Thu Aug 23 17:21:48 PDT 2018

On Thu, Aug 23, 2018 at 3:55 PM Jim Ingham <jingham at apple.com> wrote:

>
>
> > On Aug 23, 2018, at 2:53 PM, David Blaikie <dblaikie at gmail.com> wrote:
> >
> >
> >
> > On Thu, Aug 23, 2018 at 2:35 PM Jim Ingham <jingham at apple.com> wrote:
> >
> >
> > > On Aug 23, 2018, at 2:12 PM, David Blaikie <dblaikie at gmail.com> wrote:
> > >
> > >
> > >
> > > On Thu, Aug 23, 2018 at 2:03 PM Jim Ingham <jingham at apple.com> wrote:
> > > I'm not sure we always want to have the debugger ignore the inter-line
> line-table entries for complex expressions.  In a case like:
> > >
> > > 1:     x = foo(5,
> > > 2:           bar(),
> > > 3:           baz()
> > > 4:           after_baz());
> > >
> > > if I want to step into "baz()", it's convenient to break on the line 3
> and do a step-in.  If we move to the is_stmt line and that's somewhere at
> the beginning of the function call, then that effort will be thwarted.
> > >
> > > I'd figure some UI could improve that - pass a flag to break (or hold
> down shift when you click a line to set a breakpoint on in a GUI) when you
> specifically want to break on a certain line? Or assume a user setting a
> breakpoint on something that's not the first source line (not the lowest
> line number of all lines associated with that statement (all lines from all
> instructions from the nearest previous is_stmt instruction to the nearest
> following is_stmt instruction)) they mean to precisely break on that line -
> but otherwise assume they mean to break before the first instruction on the
> whole statement.
> >
> > The latter seems workable.  Note also, the definition for "is_stmt" says:
> >
> > A boolean indicating that the current instruction is a recommended
> breakpoint location. A recommended breakpoint location is intended to
> “represent” a line, a statement and/or a semantically distinct subpart of a
> statement.
> >
> > So it seems reasonable if we're going to start doing this to consider
> nested function calls in a statement semantically distinct subparts of a
> statement.  Actually this would also be useful when you have:
> >
> >       foo (bar(), baz(),
> >            after_bar(), after_baz());
> >
> > You do get separate column entries for the function calls, but we have
> no idea what that means and if we just set a breakpoint on every individual
> line entry as currently emitted by clang we end up with annoyingly many
> breakpoints at present.  Marking actually interesting subexpressions would
> help here too.  Anyway, if we started using is_stmt for these subparts then
> we wouldn't have to fix things up in the debugger.
> >
> > I've some apprehension for having the compiler make particularly
> subjective judgments about "semantically distinct subpart of a statement" -
> especially around operator overloads, for instance.
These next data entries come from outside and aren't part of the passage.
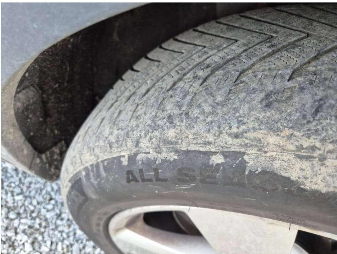
Fot. 32 Zdjęcie do protokołu
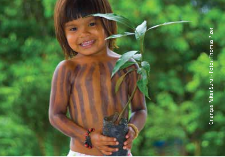
Crianças Paiter Suruí
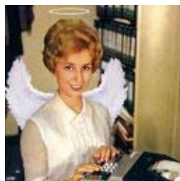
Karl Valentin. Un ange pas l'Atelier Volant Parlez moi d'humour
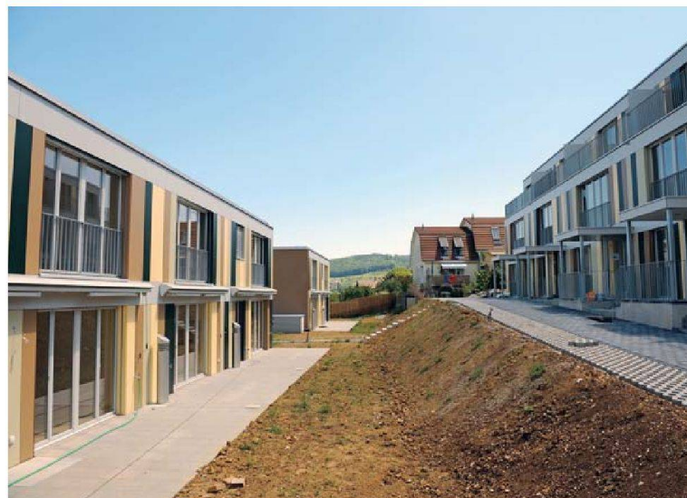
Bergseitig hat jedes Haus einen Sitzplatz, talseitig befinden sich die Eingänge sowie eine Terrasse mit weiter Aussicht.
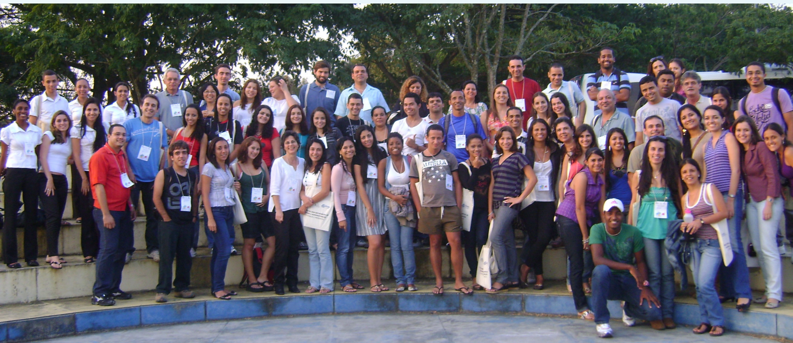
I Encontro realizado em 2010

Para integrar alunos e fazer com que estes conheçam a Universidade, neste mês, a Rural realiza o II Encontro dos alunos dos cursos à Distância e Presencial.
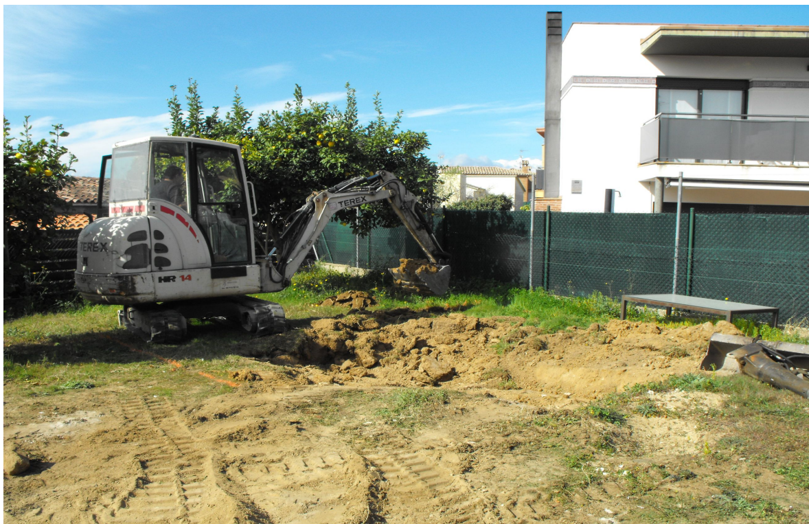
FOTOGRAFIA 4 → Imatge dels treballs inicials d'obertura del forat de la piscina, des de l'est.
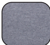
tissu gris chiné
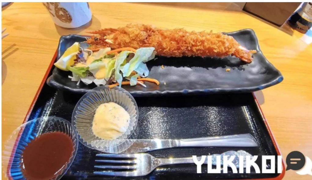
沼津魚がし鯨 御殿場アウトレット店 天ぷら
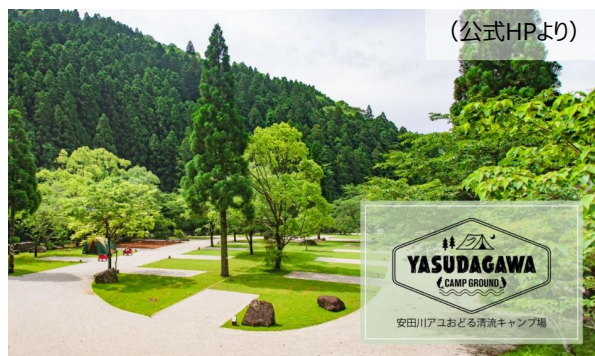
↑ 安田川アユおどる清流キャンプ場
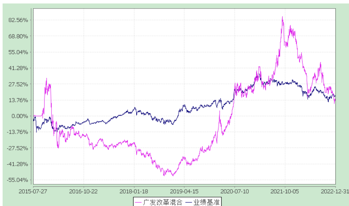
广发改革先锋灵活配置混合型证券投资基金 份额累计净值增长率与业绩比较基准收益率的历史走势对比图 (2015 年 7 月 27 日至 2022 年 12 月 31 日)
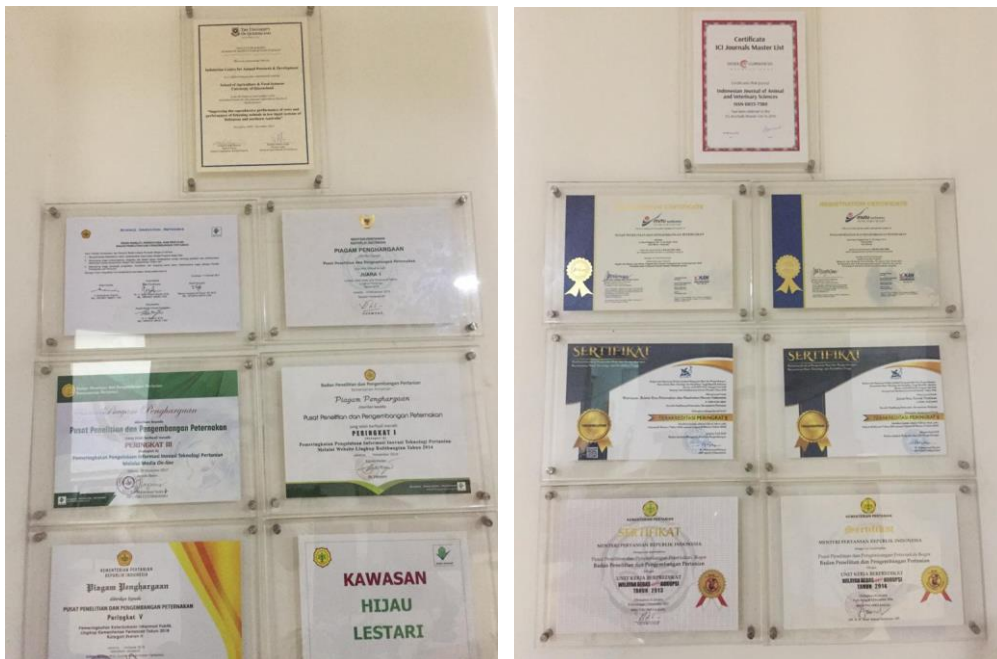
Gambar 21. Sertifikat dan Penghargaan yang Telah diraih Puslitbangnak
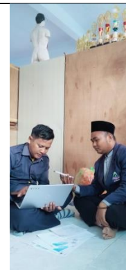
WAWANCARA CARA BERSAMA WAKA
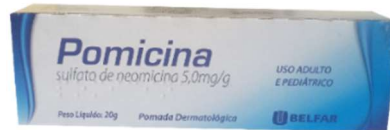
295-Pomicina pda 20g Neomicina Referência: Neomicina
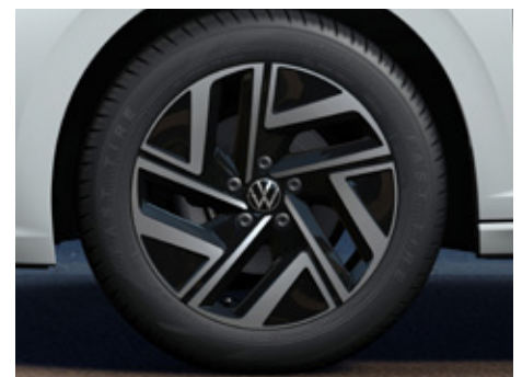
7J x 17" alloy wheels 205/55 R17 tyres
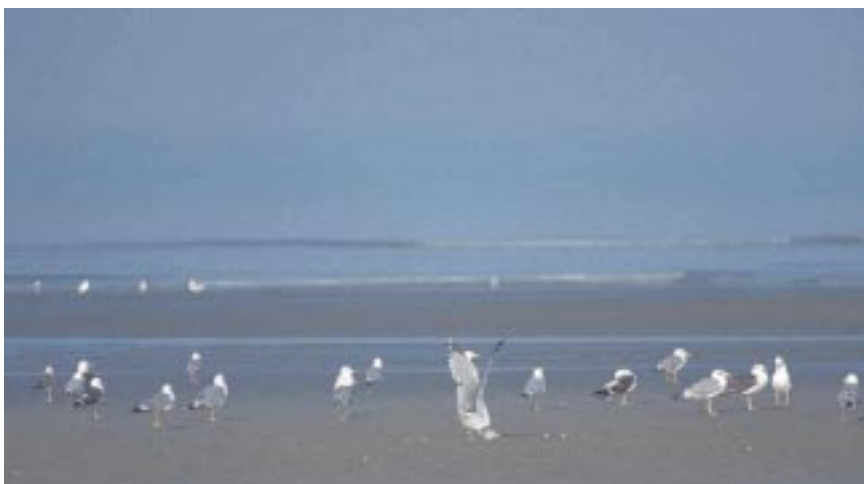
Foto 1. Geelpootmeeuwen Larus michahellis , Grote Mantelmeeuw Larus marinus en Kleine Mantelmeeuwen Larus fuscus , 25 augustus 2002 te De Panne. Gemengde groepjes van rustende vogels bevatten soms tientallen Geelpootmeeuwen (14 ex. op deze foto).

In de steppegebieden van Centraal-Azië komt nog barabensis voor, een meeuw die meestal duidelijk herkenbaar is van cachinnans (althans de adulten) en typisch broedt in rietmoerassen van steppemeren. Deze wordt niet ondergebracht in cachinnans . Verder onderzoek zal moeten aantonen waar dit taxon thuishoort. Jonsson stelt voor om de naam Steppemeeuw voor te behouden voor het geval barabensis in de toekomst de soortstatus zou verwerven of indien cachinnans en barabensis als één soort zouden beschouwd worden. De huidige Duitse naam, Steppemöwe, voor cachinnans (exclusief barabensis ) vindt hij daarom niet opportuun (Jonsson, 1998). Barabameeuw (naar de gelijknamige Baraba-steppe) is misschien een duidelijke-
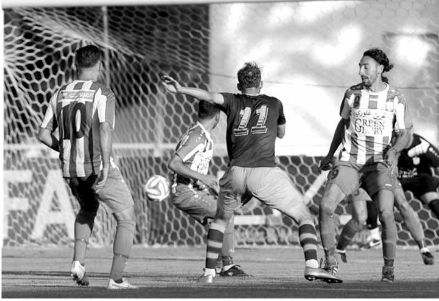
من إحدى مباريات النجمة والأصناف

ويستعد العهدة إلى فوزه الثاني عندما يستضيف الاجتماعي طرابلس على ملعب مدينة كميل شمعون الرياضية بعد غد الأحد علماً أن الوصيف يمتلك مباراة موجهة ضد شباب الساحل.
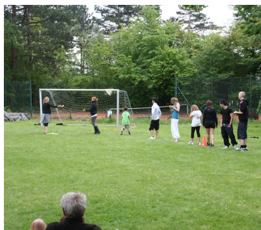
- og den obligatoriske rundboldkamp.

Not without
> merit/certainly something to consider, but my gut reaction is to lean away
> from that - because the judgment might vary & I could imagine different
> users wanting different expereinces at different times/situations/etc - so
> that it'd be useful for consumers to be making some of those judgments,
> showing them to the user as options, etc.
>
> Not sure about this.
>
> Right now, if there are many line table entries that map to a given line
> lldb will choose the first one by address within a given block.  That's
> because the line tables are really noisy, and our experience was that if I
> set a breakpoint location per entry, stepping gets annoyingly jerky and you
> have to keep hitting step over and over.  That's really too draconian and
> you can't get back to a really independent subsection of a line.  Note to
> self - I should try playing around with one location per distinct column -
> I haven't revisited the breakpoint by line setting since I was told clang
> was serious about column info.  It would be interesting to see how that
> works.
>

Not sure I quite follow all of that - yeah, having the debugger stop every
time it hits every distinct line table entry for a given source line would
be annoying. But allowing the user to do that if they want in certain
situations could be good... but yeah, mostly comes back to wanting
ranges/hierarchy rather than isolated locations.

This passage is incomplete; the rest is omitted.